The virtualized servers were at a hosting provider that only provided virtualized servers and there were a couple of different problems that we had. We actually solved 2 unrelated problems simultaneously. One was you get a lot more power out of bare metal than you do out of the virtualized services and it made a huge difference, especially in the file system because on the virtualized disk, the IO is not generally very high compared to raw disk access. That made a huge difference for our back end, because Git is incredibly IO intensive. We run unpatched Git on a server if we want to continue to do that. We couldn't really optimize it for our specific needs of the Git server. Having it run on bare metal on real disks makes a huge difference in the IO throughput that we can get. That was probably the biggest thing. At the other hosting provider, we were actually using GFS like a global file system that was just not working with the amount of IO that we were putting through it and the number of shared systems that we had on it. Federating it out with the Erlang-based BERT system and getting real hardware behind it that would actually run on unvirtualized gave us a huge performance increase. The impetus was that our file systems were falling over and we needed something else and we decided to go to bare metal instead.

   

8. You’ve been doing Git for a few years, are you getting tired of it yet? What’s so nice about Git?

I’m not getting tired of it. The nice thing about Git is that it’s very general. It’s a very general storage mechanism that’s behind it. That’s actually how I learnt Git. At my previous job we were using it as a distributed content distributions system and we were actually using Perforce for source control. I learnt it as a distributed snapshot system where we would create custom snapshots for contents that we needed in a whole bunch of clients and then distribute them via the Git mechanism which is really good at that, at just sending deltas and only sending incremental updates and doing it very efficiently. That’s how I learnt it. That’s how I continue to think about it. There is a lot of stuff you can do with Git it’s not just version control that it’s fun to play with. I never really get tired of it. It’s very similar to POSIX-based file system model. Anything fun that you can think of to do with just normal files and stuff you can pretty much do with Git and you get distribution and you get versioning and you get a bunch of other stuff. There are a lot of fun projects that you can come up with for it. The other nice thing is that at the heart of Git it’s a key value store. You can re-implement the Git backend in any key value store. You can re-implement the Git backend in Redis. I did a fairly comprehensive one in Cassandra. That’s always fun to play around with that. It is general enough that you can do stuff like the Subversion front end, whereas making a Subversion frontend and a Mercurial frontend or Git frontend for a Mercurial back database I would think it would be a lot harder to do. Because it’s file-based delta system and it’s just not sort of generally abstract as Git is. There is a lot of fun stuff you can do with it.

   

9. You mentioned using Git as a storage format.

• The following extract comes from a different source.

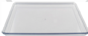
a. Plateau récupérateur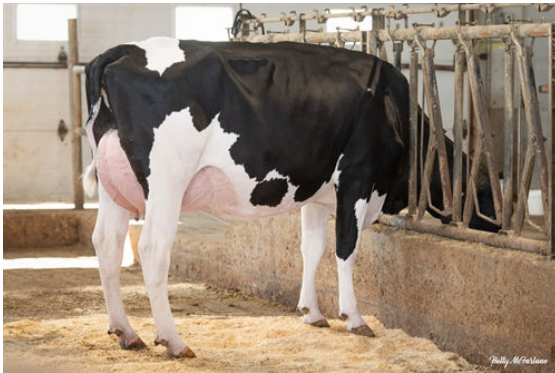
PROGENESIS GRAZIANO JAZMATIC DAUGHTER

Do you know any other projects that use that?

There are a lot of backup based systems where people use it like Apple’s Time Machine because it’s very similar in the way that it thinks about data to TimeMachine as hard links for files and for directories that are identical in content. I don’t know how to say it but there is a project called BUP that actually does virtual machine backups relatively efficiently. There are a couple of backup based systems that are based on Git and that are interesting. They are actually really cool. I did a system called Ticket that has your ticketing data along. Because you can have multiple branches in your project that are unrelated, they don’t have a common base in them, so you can have branches that have nothing to do with each other. You can just have a ticket branch that has ticketing information that is along side with but not a subdirectory of your project, which is nice because it doesn’t muddy up your actual project. You could do that with lots of stuff. You can have a documentation branch that’s just a documentation and isn’t a doc subdirectory. The commits to add new documentation doesn’t mess with the history of the project. In GitHub, one of the interesting things is if you create a specially named branch, DH-pages in your Git repository and you push it to us and you have static HTML in there we’ll host that as a website for you, as documentation or a website for your project. A lot of people use that on GitHub for their project homepage and they give you whatever static HTML they want and put it in separate branches, nothing to do with your main project history. It’s pretty cool. There is a lot of neat stuff that you can do with Git because of its generalization.

   

10. What’s the tool support for Git nowadays? Git is still mainly the main C-based binary or are there other implementations?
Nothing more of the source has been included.